• What the task requires: Required from the data below: the exact lines starting at the line containing "本文以留言板举例,留言板的特" and ending at the line containing "Ihana ja kepeä", with both ends kept and all pictures dropped.

• Provided entries:
########

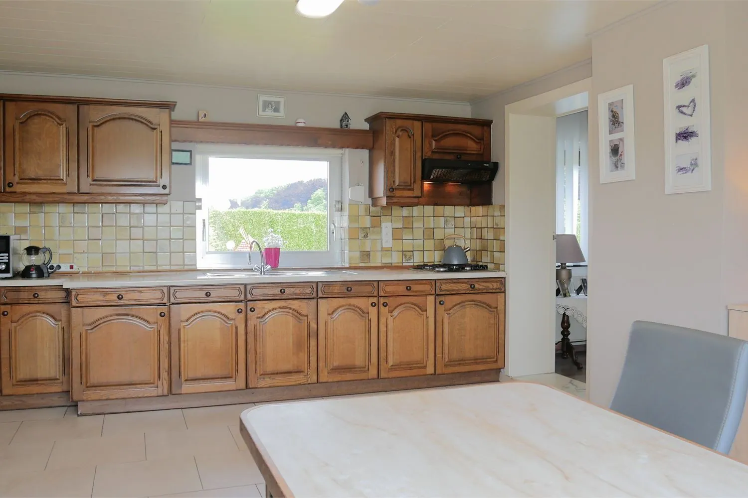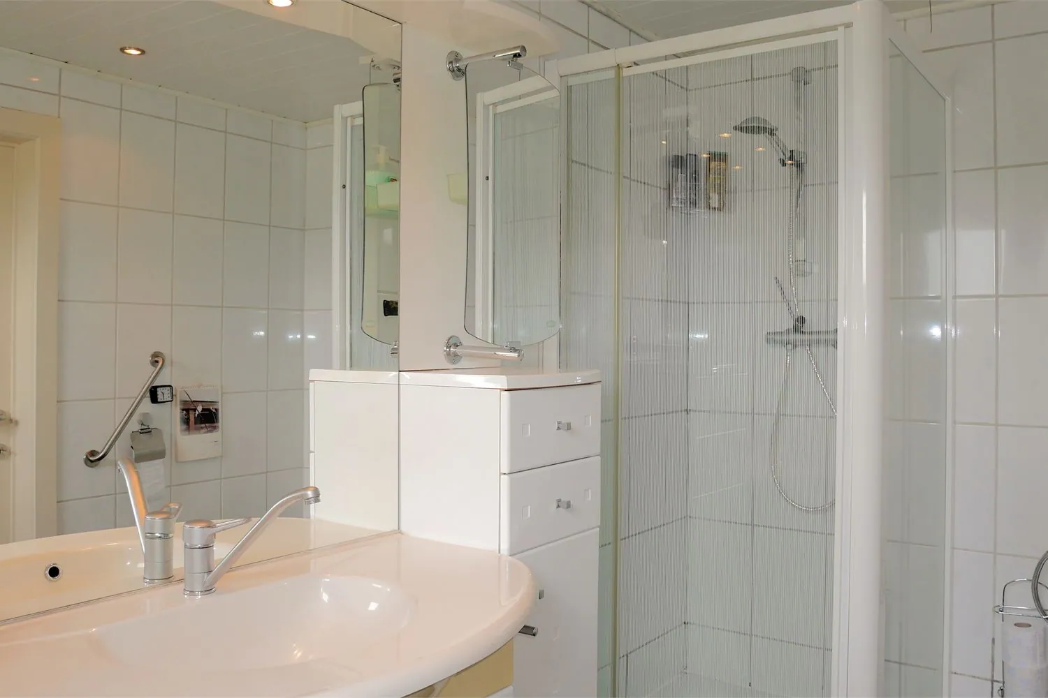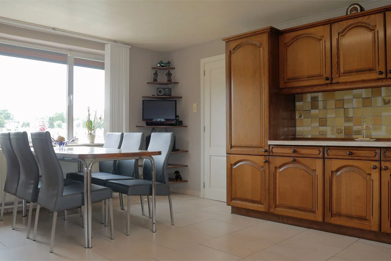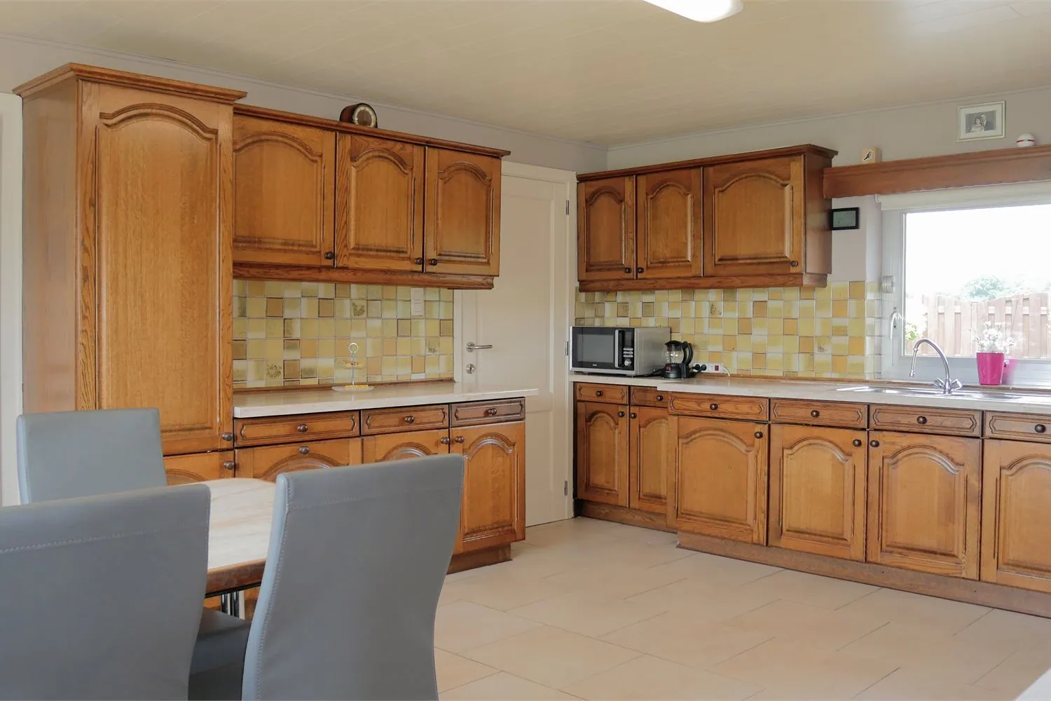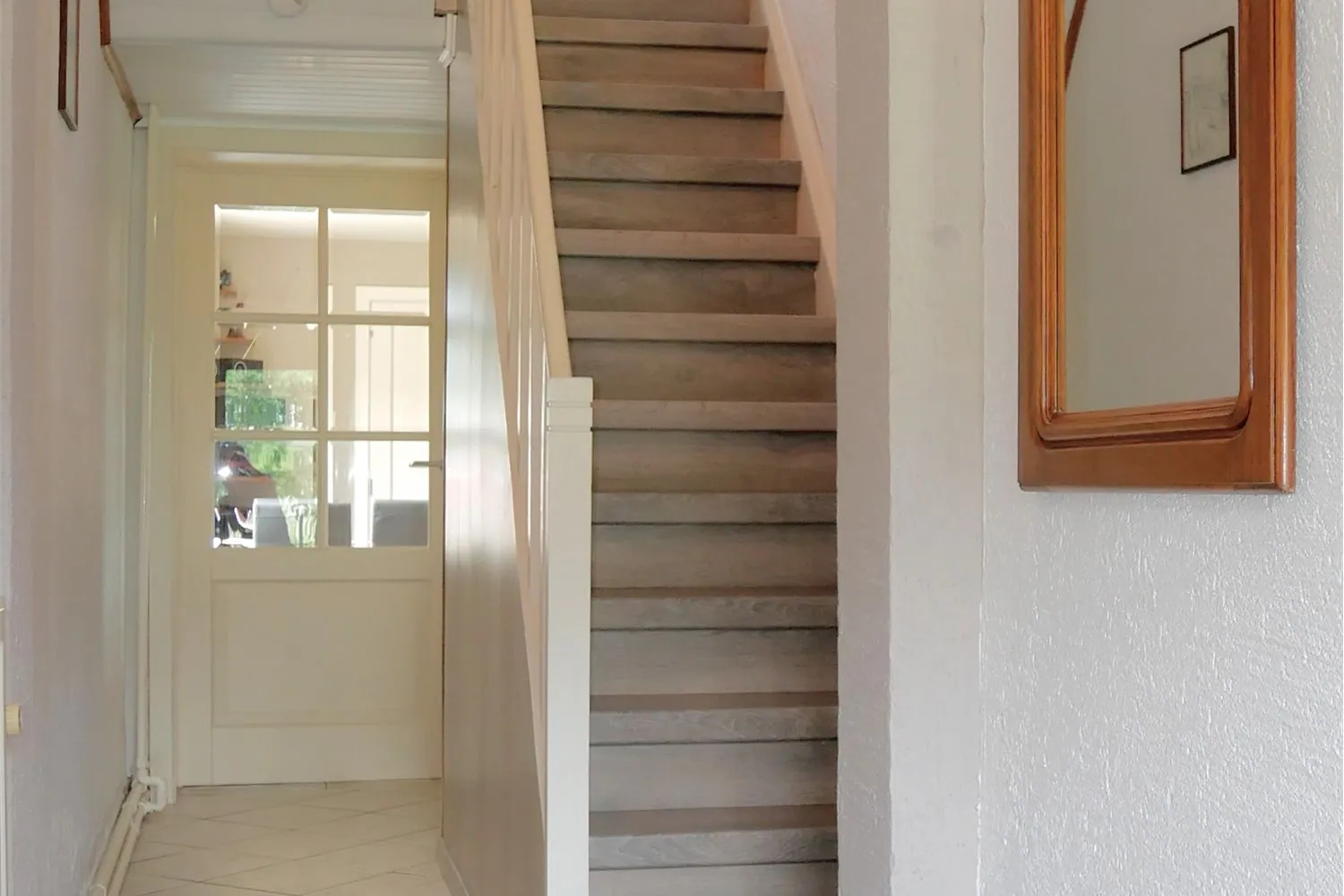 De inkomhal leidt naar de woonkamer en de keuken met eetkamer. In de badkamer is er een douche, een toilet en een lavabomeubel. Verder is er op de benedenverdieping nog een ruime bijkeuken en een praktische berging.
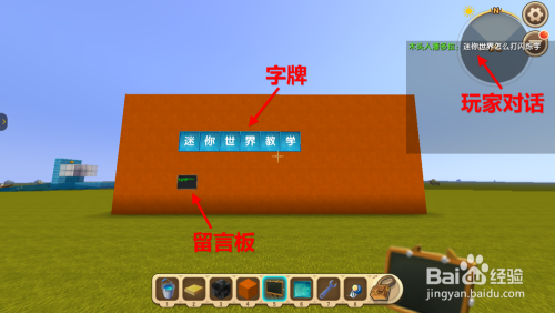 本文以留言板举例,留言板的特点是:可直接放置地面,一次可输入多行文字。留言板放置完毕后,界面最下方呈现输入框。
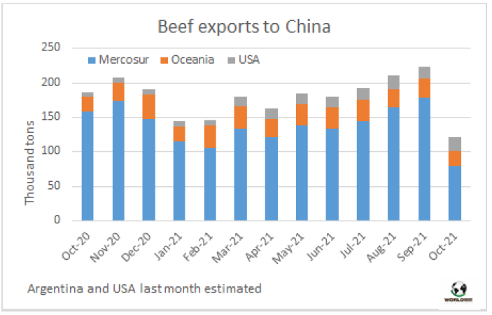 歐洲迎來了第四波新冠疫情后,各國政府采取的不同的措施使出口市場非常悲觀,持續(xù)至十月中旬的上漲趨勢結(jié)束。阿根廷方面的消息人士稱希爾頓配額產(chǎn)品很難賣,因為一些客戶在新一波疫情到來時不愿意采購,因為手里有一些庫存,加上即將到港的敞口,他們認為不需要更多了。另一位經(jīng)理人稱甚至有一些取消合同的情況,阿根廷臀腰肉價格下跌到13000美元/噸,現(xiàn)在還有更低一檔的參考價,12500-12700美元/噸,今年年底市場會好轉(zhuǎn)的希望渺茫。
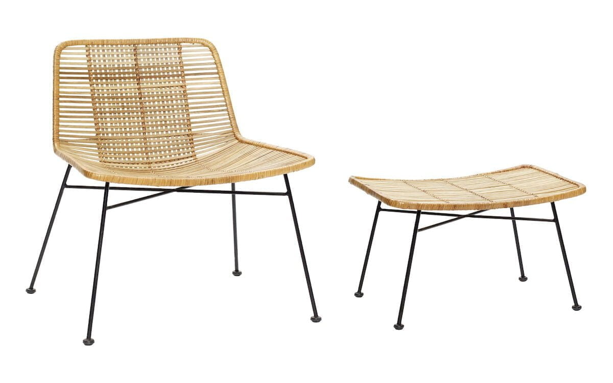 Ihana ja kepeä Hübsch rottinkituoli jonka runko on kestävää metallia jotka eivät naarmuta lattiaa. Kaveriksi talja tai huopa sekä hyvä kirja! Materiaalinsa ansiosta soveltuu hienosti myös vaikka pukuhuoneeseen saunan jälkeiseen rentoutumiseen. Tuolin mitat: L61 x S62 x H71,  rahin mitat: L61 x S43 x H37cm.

########

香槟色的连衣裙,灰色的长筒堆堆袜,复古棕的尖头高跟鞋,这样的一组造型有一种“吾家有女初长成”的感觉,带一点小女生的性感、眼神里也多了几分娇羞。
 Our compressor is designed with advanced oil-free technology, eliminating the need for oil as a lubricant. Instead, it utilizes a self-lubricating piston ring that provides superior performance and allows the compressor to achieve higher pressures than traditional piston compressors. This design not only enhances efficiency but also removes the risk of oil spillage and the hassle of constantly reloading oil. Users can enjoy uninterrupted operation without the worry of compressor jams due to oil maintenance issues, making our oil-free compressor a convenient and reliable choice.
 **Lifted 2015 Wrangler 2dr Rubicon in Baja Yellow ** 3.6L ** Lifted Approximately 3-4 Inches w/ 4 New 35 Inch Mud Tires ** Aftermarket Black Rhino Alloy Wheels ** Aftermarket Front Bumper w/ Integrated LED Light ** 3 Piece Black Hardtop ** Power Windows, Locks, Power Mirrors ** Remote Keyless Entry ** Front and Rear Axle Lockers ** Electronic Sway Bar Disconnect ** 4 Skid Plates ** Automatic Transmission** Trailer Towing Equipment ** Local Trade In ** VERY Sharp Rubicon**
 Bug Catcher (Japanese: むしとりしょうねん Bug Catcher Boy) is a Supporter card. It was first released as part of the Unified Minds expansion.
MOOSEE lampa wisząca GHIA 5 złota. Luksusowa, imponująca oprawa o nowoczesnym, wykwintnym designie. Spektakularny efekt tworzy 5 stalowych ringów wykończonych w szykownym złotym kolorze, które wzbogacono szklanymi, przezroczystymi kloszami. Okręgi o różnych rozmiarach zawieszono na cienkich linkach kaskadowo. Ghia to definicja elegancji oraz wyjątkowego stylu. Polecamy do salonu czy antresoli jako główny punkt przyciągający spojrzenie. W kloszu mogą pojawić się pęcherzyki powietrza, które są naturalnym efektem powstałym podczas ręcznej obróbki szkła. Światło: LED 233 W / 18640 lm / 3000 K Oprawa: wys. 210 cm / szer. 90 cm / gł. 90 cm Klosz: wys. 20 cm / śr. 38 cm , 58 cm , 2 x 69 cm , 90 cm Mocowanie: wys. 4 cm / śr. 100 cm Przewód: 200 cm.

########

• Solved exercise:
 本文以留言板举例,留言板的特点是:可直接放置地面,一次可输入多行文字。留言板放置完毕后,界面最下方呈现输入框。
 歐洲迎來了第四波新冠疫情后,各國政府采取的不同的措施使出口市場非常悲觀,持續(xù)至十月中旬的上漲趨勢結(jié)束。阿根廷方面的消息人士稱希爾頓配額產(chǎn)品很難賣,因為一些客戶在新一波疫情到來時不愿意采購,因為手里有一些庫存,加上即將到港的敞口,他們認為不需要更多了。另一位經(jīng)理人稱甚至有一些取消合同的情況,阿根廷臀腰肉價格下跌到13000美元/噸,現(xiàn)在還有更低一檔的參考價,12500-12700美元/噸,今年年底市場會好轉(zhuǎn)的希望渺茫。
 Ihana ja kepeä Hübsch rottinkituoli jonka runko on kestävää metallia jotka eivät naarmuta lattiaa. Kaveriksi talja tai huopa sekä hyvä kirja! Materiaalinsa ansiosta soveltuu hienosti myös vaikka pukuhuoneeseen saunan jälkeiseen rentoutumiseen. Tuolin mitat: L61 x S62 x H71,  rahin mitat: L61 x S43 x H37cm.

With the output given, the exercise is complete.